Once upon a time, about fifty-seven-million dollars ago, in the Land Beyond Final Cut, there lived a fierce and mighty and peculiar auteur, and his name was Martin Brest.

Brest's new movie is "Gigli," which is like "Heaven's Gate," but with fewer horses. Larry "Pronounced like Really" Gigli (Ben Affleck) is a grossly witless, semi-literate cock-of-the-walk wannabe who does the bidding of Louis, a foul-mouthed mob middleman (Lenny Venito) who glowers and threatens like Jackie Gleason at his most "to-the-moon, Alice!" In an attempt to forestall the indictment of a mob boss, Gigli is enlisted to kidnap the twentysomething brother of a federal prosecutor. Brian (Justin Bartha) suffers Movieberger's syndrome, a convenient blend of high-functioning autism, Tourette's, horniness and monstrous sentimentality. A second operative, Ricki (Jennifer Lopez), fond of low-rise midriff-and-haunch-baring jeans, is dispatched to join the reindeer games, since Louis thinks Gigli is a colossal screw-up. (Mr. Question asks: Why not just send the tough yet perfumed Ricki and forget the man who couldn't suss out the captions in Maxim?) "In every relationship, there's a bull and a cow," Affleck lows. "Bull," he says, pointing to himself, drawing out his inexpert put-on numbskull enunciation, "Cow," he explains, pointing to Lopez.
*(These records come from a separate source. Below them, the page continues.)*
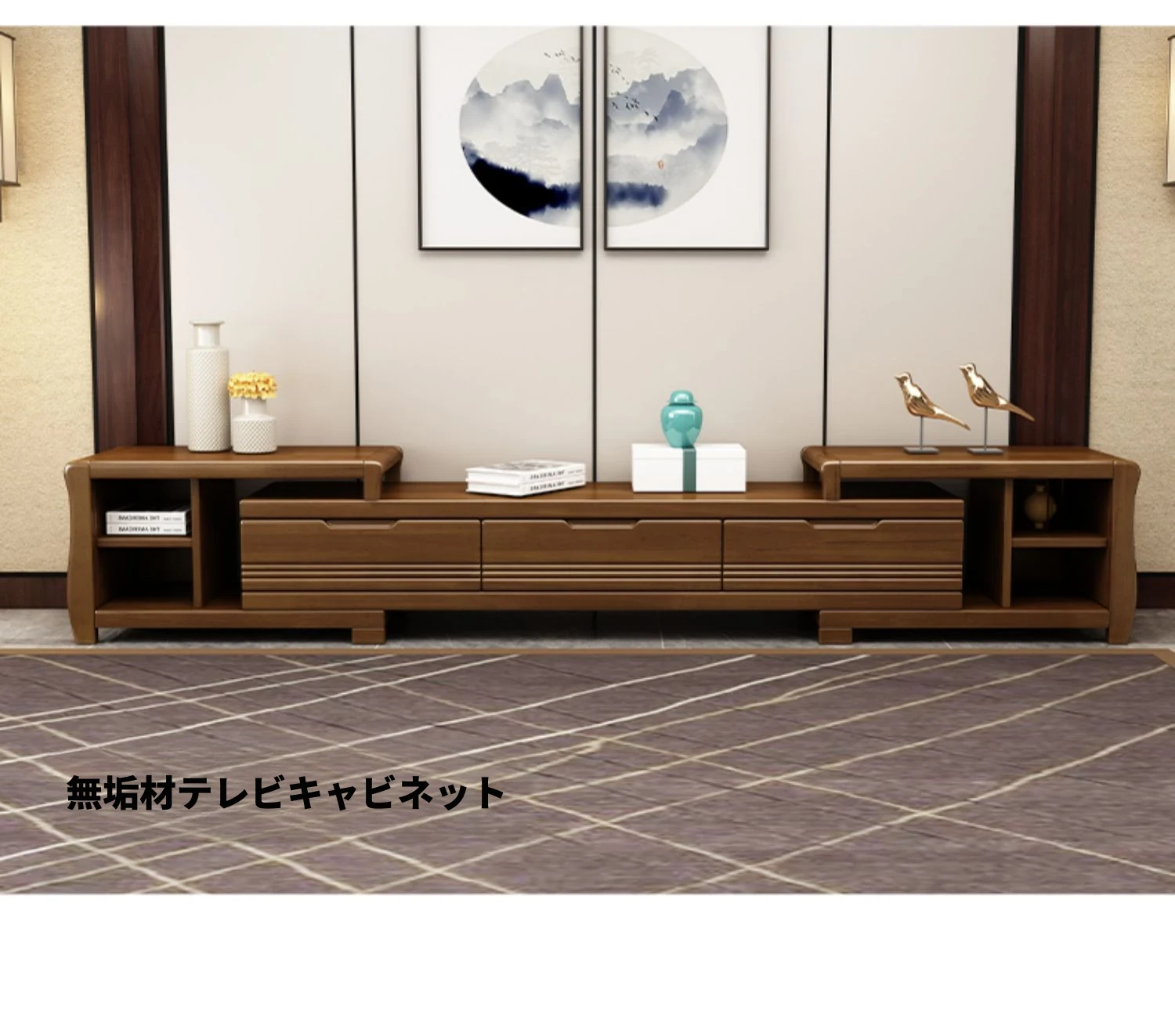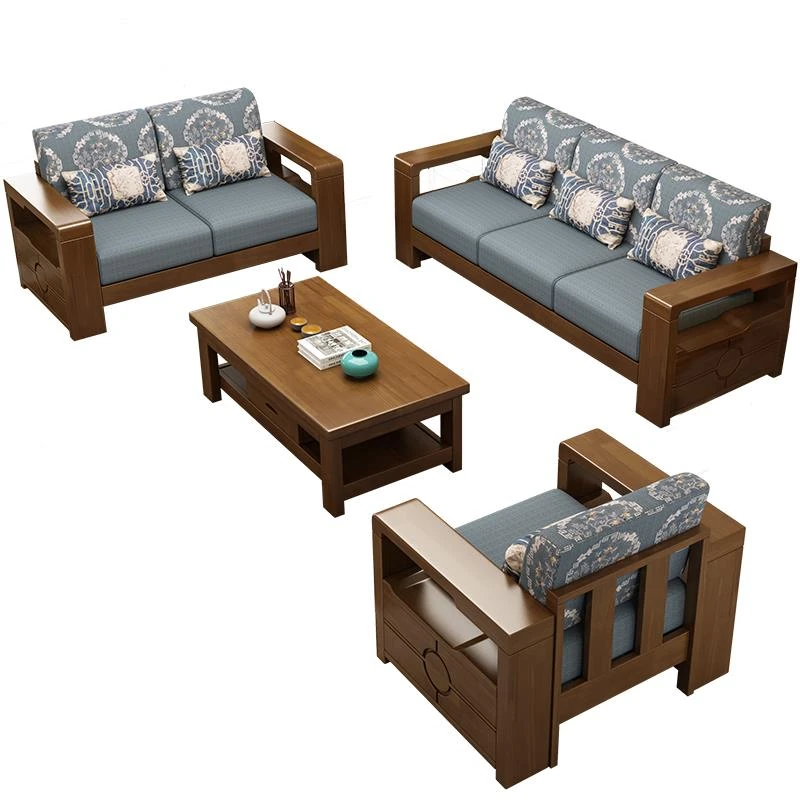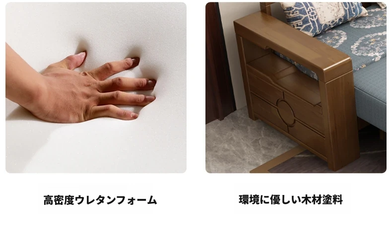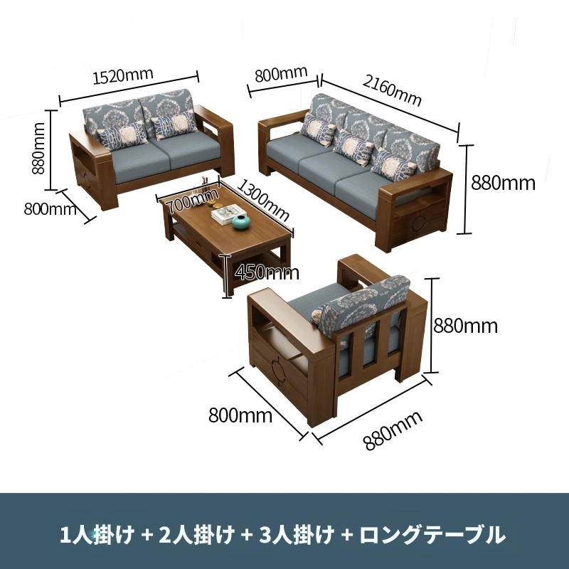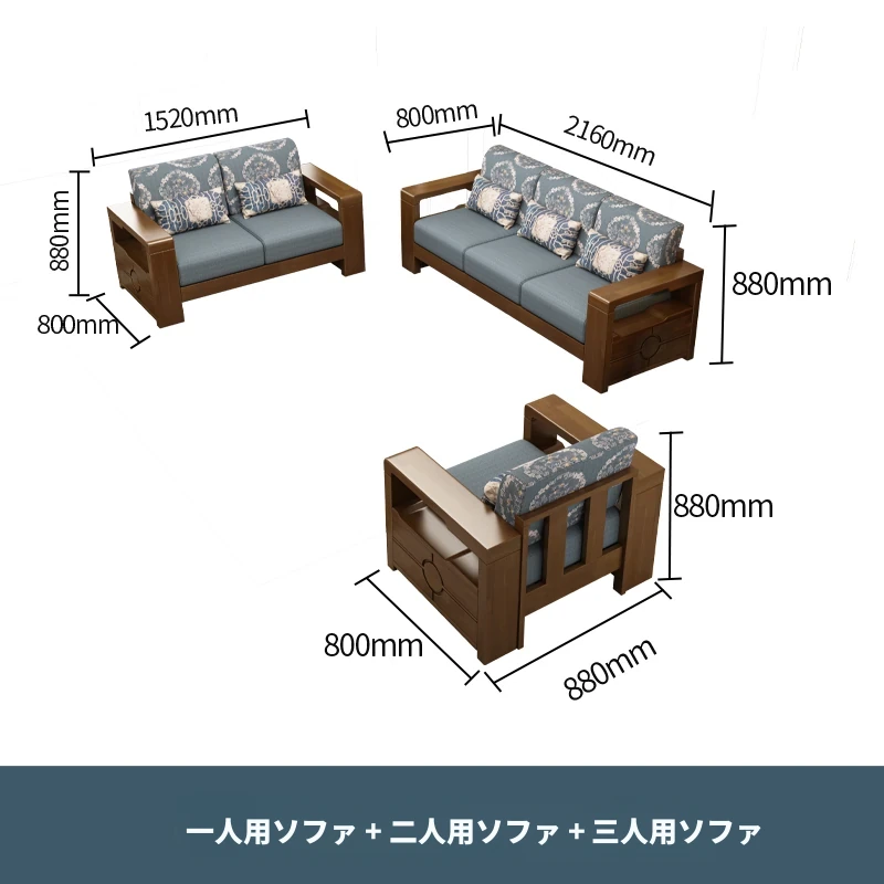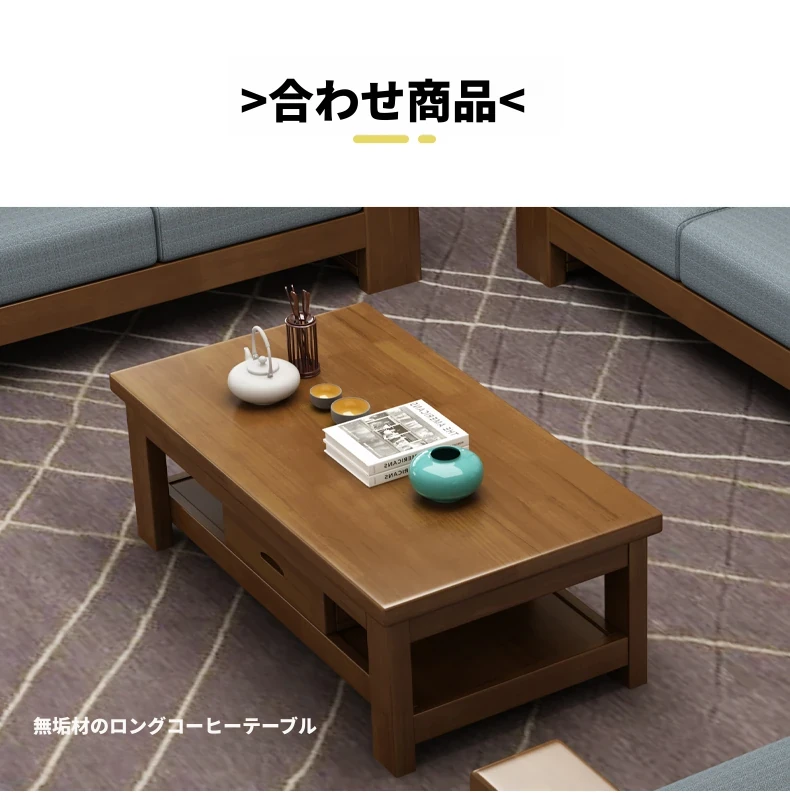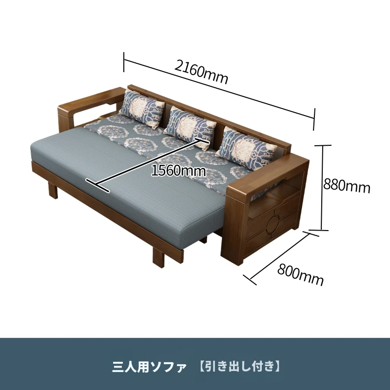 9W中式リビングルーム用原木ソファコーナーセット - ファブリック仕様の高級デイベッド付き3人掛けソファ、全実木製で高品質!
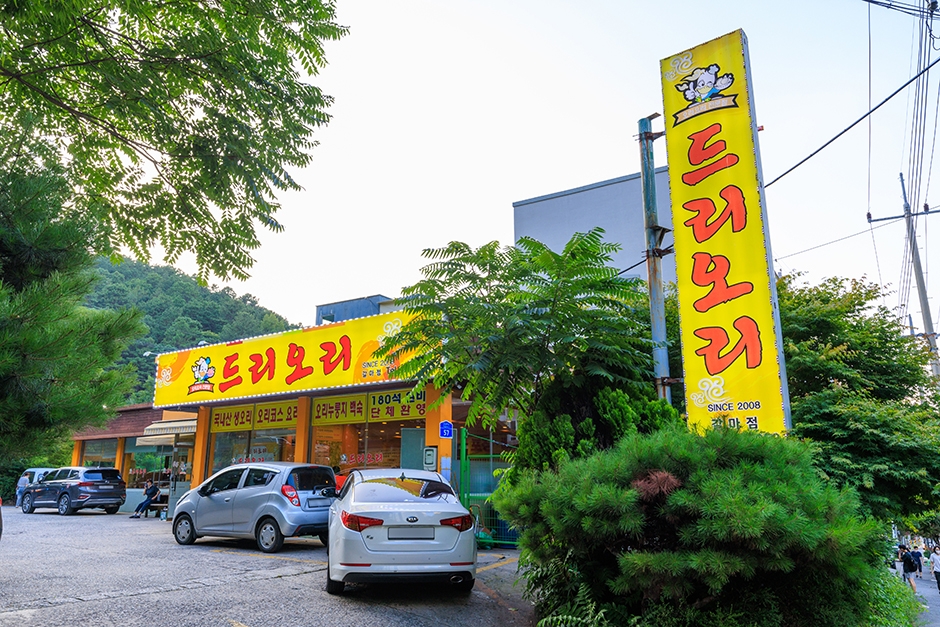 드리오리 갈마점은 대전광역시 서구 갈마동에 있다. 깔끔한 외관과 차분한 분위기를 연출하는 인테리어가 눈에 띈다. 내부에는 단체석이 마련되어 있어 각종 모임을 하기 좋다. 대표 메뉴는 국내산 생오리로 만든 오리 누룽지 백숙이다. A 코스 요리 4인이나 B 코스 요리 2인을 주문하면 오리 로스, 오리 주물럭, 오리 훈제, 오리 영양죽 등을 모두 맛볼 수 있다. 유성IC에서 가깝고, 주변에 엑스포과학공원과 한밭수목원이 있다.
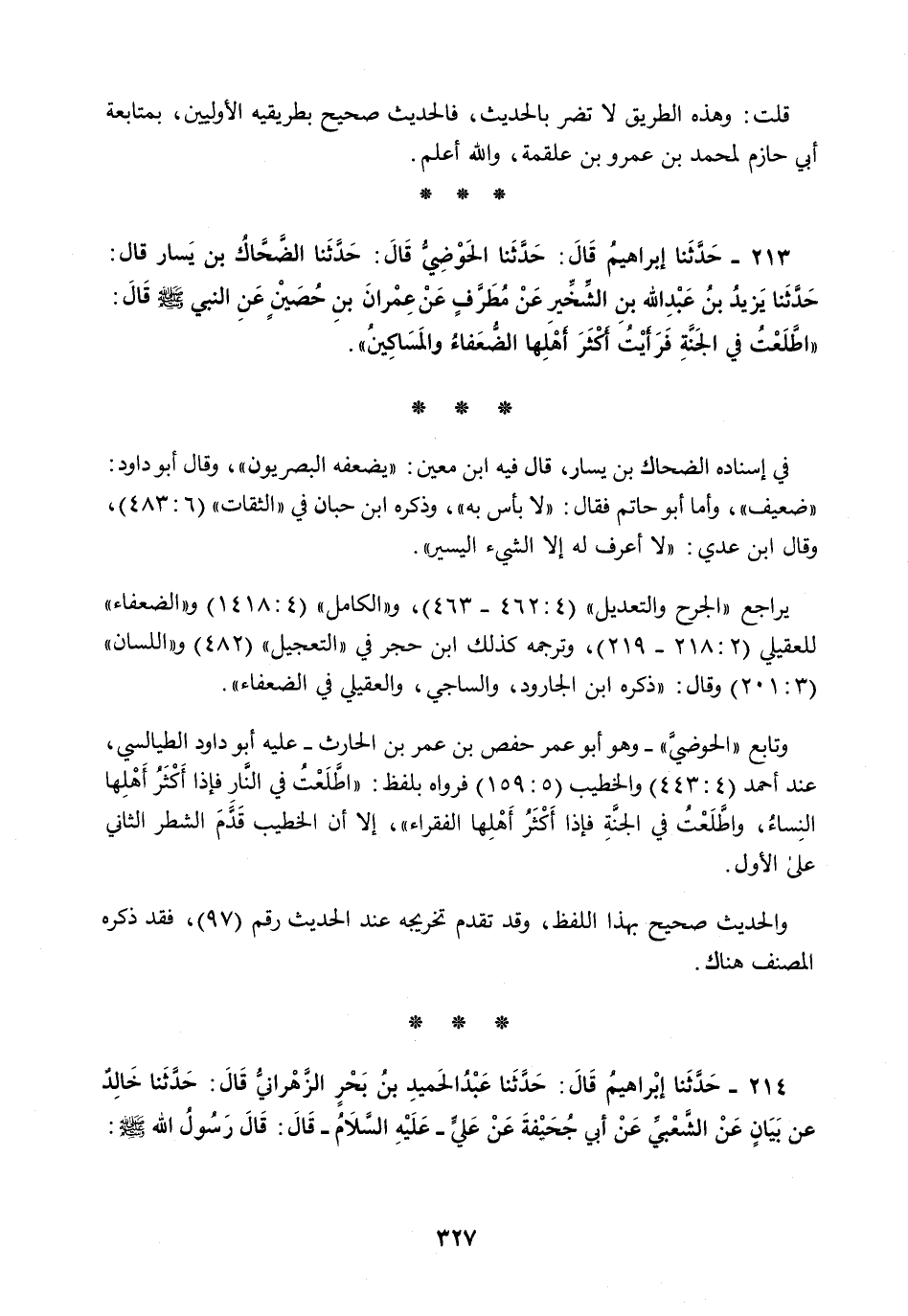 213 - حَدَّثَنَا إِبْرَاهِيمُ قَالَ: حَدَّثَنَا الْحَوْضِيُّ قَالَ: حَدَّثَنَا الضَّحَّاكُ بْنُ يَسَارٍ قَالَ: حَدَّثَنَا يَزِيدُ بْنُ عَبْدِ اللَّهِ بْنِ الشِّخِّيرِ، عَنْ مُطَرِّفٍ، عَنْ عِمْرَانَ بْنِ حُصَيْنٍ، عَنِ النَّبِيِّ صَلَّى اللهُ عَلَيْهِ وَسَلَّمَ قَالَ: §«اطَّلَعْتُ فِي الْجَنَّةِ فَرَأَيْتُ أَكْثَرَ أَهْلِهَا الضُّعَفَاءَ وَالْمَسَاكِينَ»

Surely one of the few motion pictures to hail from Mars, "Gigli" outdoes the bloated nonsense of Brest's three-hour "Meet Joe Black" with this profane, shockingly nonsensical gangsters-meet-"Rain Man" amalgam. "Gigli" does not partake of the same kind of immoral sleaze as "Bad Boys II," but it is a botch of astral proportions nonetheless.

A badly written, badly blocked and badly performed bedroom scene of cringe-inducing detail introduces to us to Ricki's preference for women. I always thought I had a fairly strong stomach, but wish I'd never been exposed to this cockamamie physical incarnation of Gigli, starting with a greasy pompadour that looks like a bad hairpiece, stripping down to a measly chest merkin and a gross biceps tattoo. The scene is of such protracted and grueling length that I was able to make a census of the number of acoustical tiles in the screening-room ceiling. And yes, as is usually the case with true-life couples, the tab duo has zero chemistry on screen. Lopez is genial and game, but she is paired with one stiff customer.

The first forty minutes of "Gigli" (rumored to have been shorn of about an hour from Brest's cut) is genuinely discomfiting in its inexplicability. (The by-play with the script-challenged Brian is almost as nauseating as the bedroom scene.) Abruptly, playing a policeman, Walken microwaves in from a farther reach of the universe, bringing momentary light to Gigli's unfurnished yet shabby L.A. bachelor pad. Every shot of Walken in his single scene seems drawn from the most protracted and bewildering of alternate takes which, in this case, is a small good thing. Here's an approximate transcription of Walken's otherworldly vaudeville: "Man, you know what I'd like to do right now? Go down to the House of PIES! Get me a BIG BOWL of pie and ICE CREAM! Put some on your head! (Pronounced 'Heyyy-YED!') Your tongue would knock your brains out trying to get at it!"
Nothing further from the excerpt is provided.